▶ [What is being asked] Without the images, repeat every line of the listing exactly.

▶ [Material provided]
+++
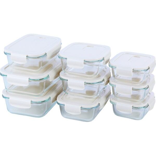 商品内容:●角型320ml(約12.1×12.1×5.8cm・320ml)×3、角型520ml(約14×14×6.4cm・520ml)×2、角型640ml(約17.7×13.5×6.2cm・640ml)×2、角型1.05l(約20.9×16×6.8cm・1.05l)×2●オーブンレンジ可(本体のみ)・電子レンジ可(本体、蓋)
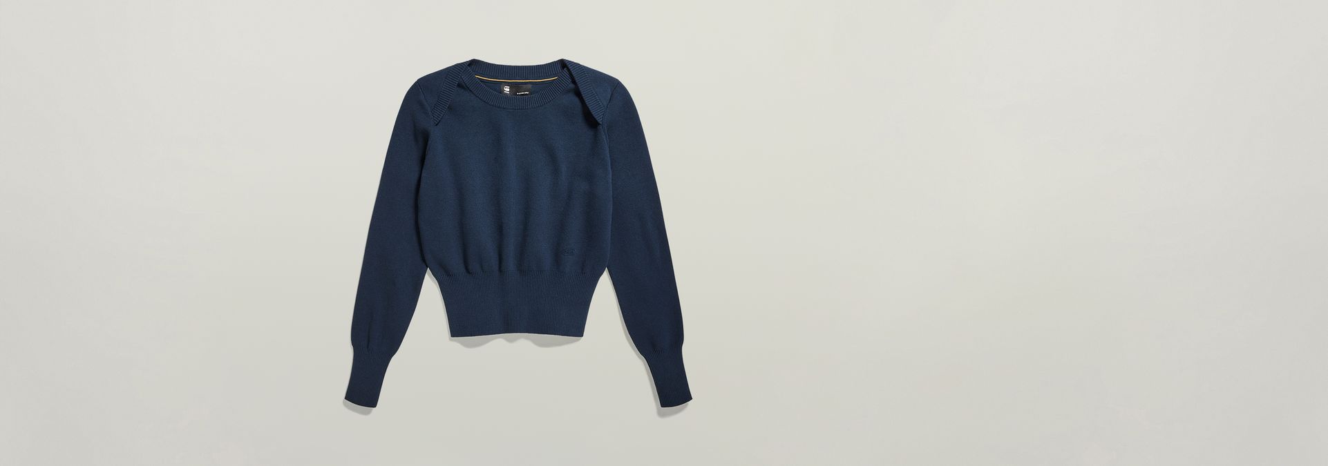 - Ribbed round neck, binding proceeds towards the front shoulder
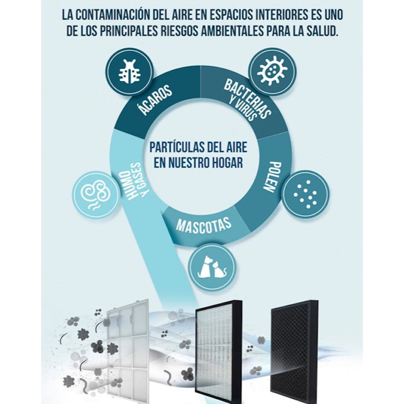 IONIZADOR: neutraliza las partículas de polvo, polen, humos de coche y humos de diversos tipos cuyas partículas se quedan en el aire.
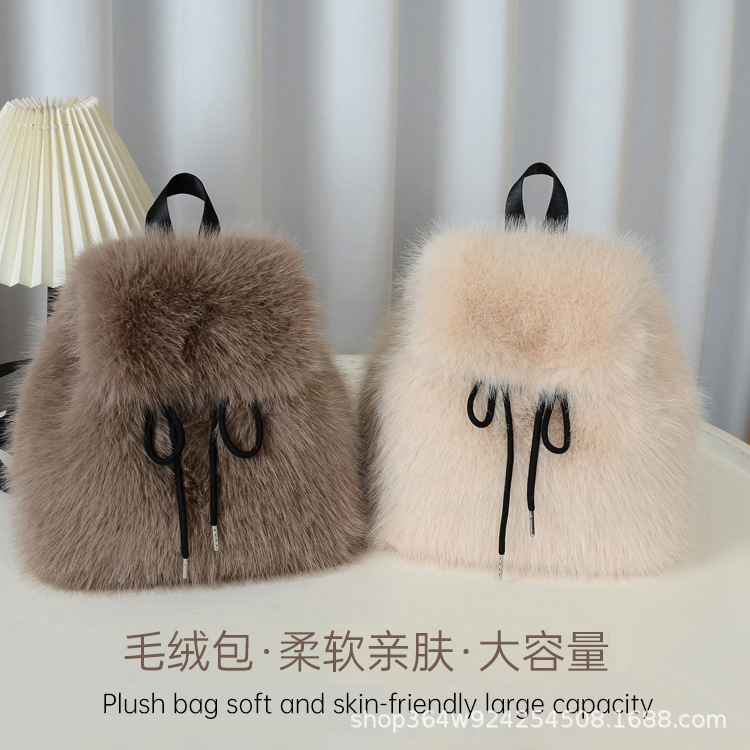 2025新型の狐の毛のリュックサックの女子大学生のカジュアルな縄のカバーの磁気ボタンの大容量のカバンの女性をまねます。
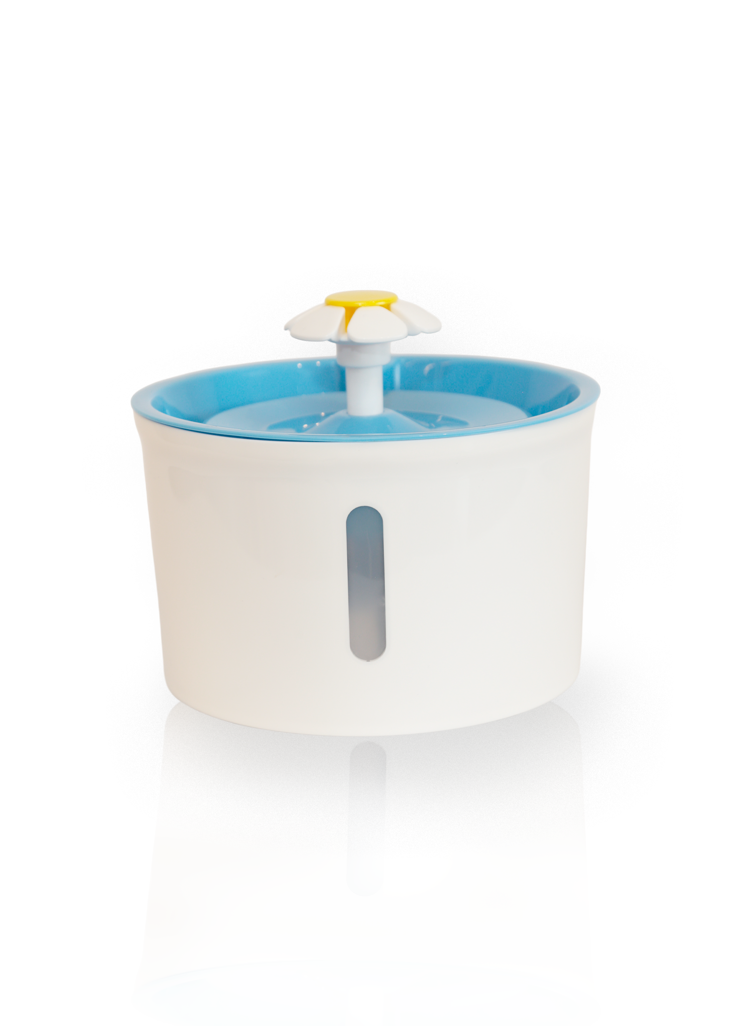 Fuente de agua con flor. Un oasis para tu michi o perrito. Su diseño con flor no solo es adorable, ¡también hace que el agua fluya en forma de cascada! Ideal para mantener a tu peludo feliz, hidratado y curioso.
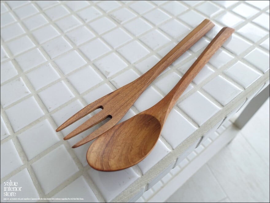 無垢材 スプーン フォーク 「二本一組セット」 ディナースプーン ディナーフォーク 木製カトラリー 手作り 本チーク 約18.5cm wssp
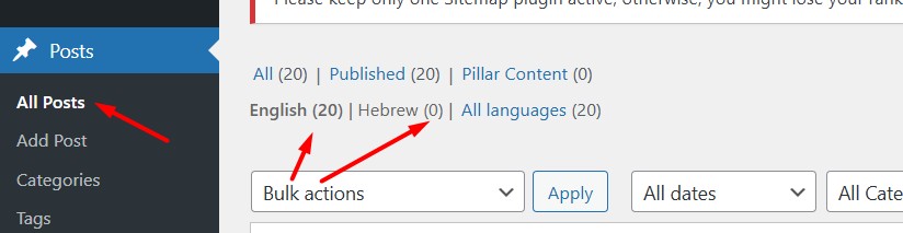 3. I noticed the posts and categories aren’t translated yet. Please translate them so they appear correctly on the secondary-language pages.
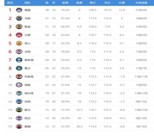 雷霆赢球后结束2连败,战绩38胜10负排名联盟第一,鹈鹕输球后12胜37负排名西部垫底。
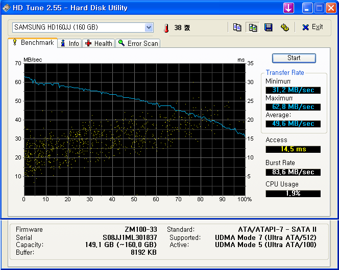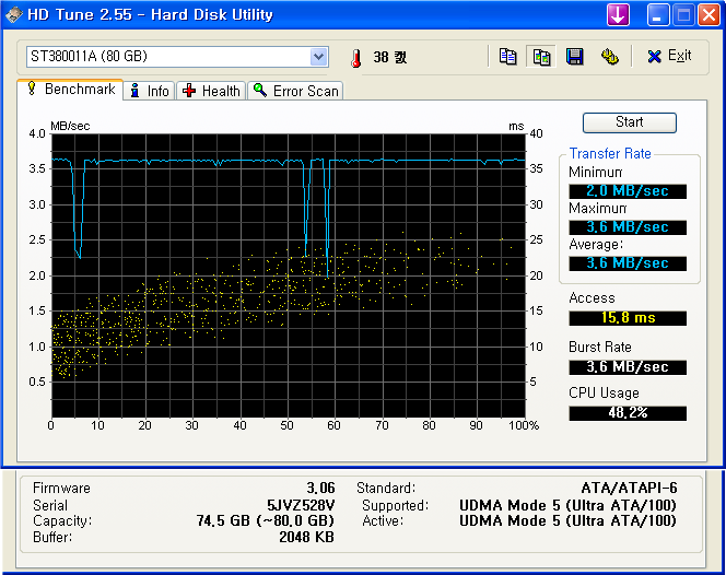 그래서 가만히 생각해보니, 하드디스크간 전송속도가 (Total Commander를 사용하는데, 복사나 이동시 속도가 나오지요 ^^) 4자리가 나오는겁니다.. 3xxx kbtes/s 이런식으루요. 분명 옛날엔 다섯자린건 같았는데.. 아니면 회사만 그랬던가.. 하면서 HDTune을 돌려봤습니다.
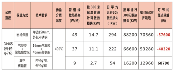 在中科院电工所延庆1MW槽式示范项目中,通过实测,300℃时,节能相比较常规保温管达到85%,400℃时达到70%。
+++
▶ [Task answer]
 商品内容:●角型320ml(約12.1×12.1×5.8cm・320ml)×3、角型520ml(約14×14×6.4cm・520ml)×2、角型640ml(約17.7×13.5×6.2cm・640ml)×2、角型1.05l(約20.9×16×6.8cm・1.05l)×2●オーブンレンジ可(本体のみ)・電子レンジ可(本体、蓋)
 - Ribbed round neck, binding proceeds towards the front shoulder
 IONIZADOR: neutraliza las partículas de polvo, polen, humos de coche y humos de diversos tipos cuyas partículas se quedan en el aire.
 2025新型の狐の毛のリュックサックの女子大学生のカジュアルな縄のカバーの磁気ボタンの大容量のカバンの女性をまねます。
 Fuente de agua con flor. Un oasis para tu michi o perrito. Su diseño con flor no solo es adorable, ¡también hace que el agua fluya en forma de cascada! Ideal para mantener a tu peludo feliz, hidratado y curioso.
 無垢材 スプーン フォーク 「二本一組セット」 ディナースプーン ディナーフォーク 木製カトラリー 手作り 本チーク 約18.5cm wssp
 3. I noticed the posts and categories aren’t translated yet. Please translate them so they appear correctly on the secondary-language pages.
 雷霆赢球后结束2连败,战绩38胜10负排名联盟第一,鹈鹕输球后12胜37负排名西部垫底。
 그래서 가만히 생각해보니, 하드디스크간 전송속도가 (Total Commander를 사용하는데, 복사나 이동시 속도가 나오지요 ^^) 4자리가 나오는겁니다.. 3xxx kbtes/s 이런식으루요. 분명 옛날엔 다섯자린건 같았는데.. 아니면 회사만 그랬던가.. 하면서 HDTune을 돌려봤습니다.
 在中科院电工所延庆1MW槽式示范项目中,通过实测,300℃时,节能相比较常规保温管达到85%,400℃时达到70%。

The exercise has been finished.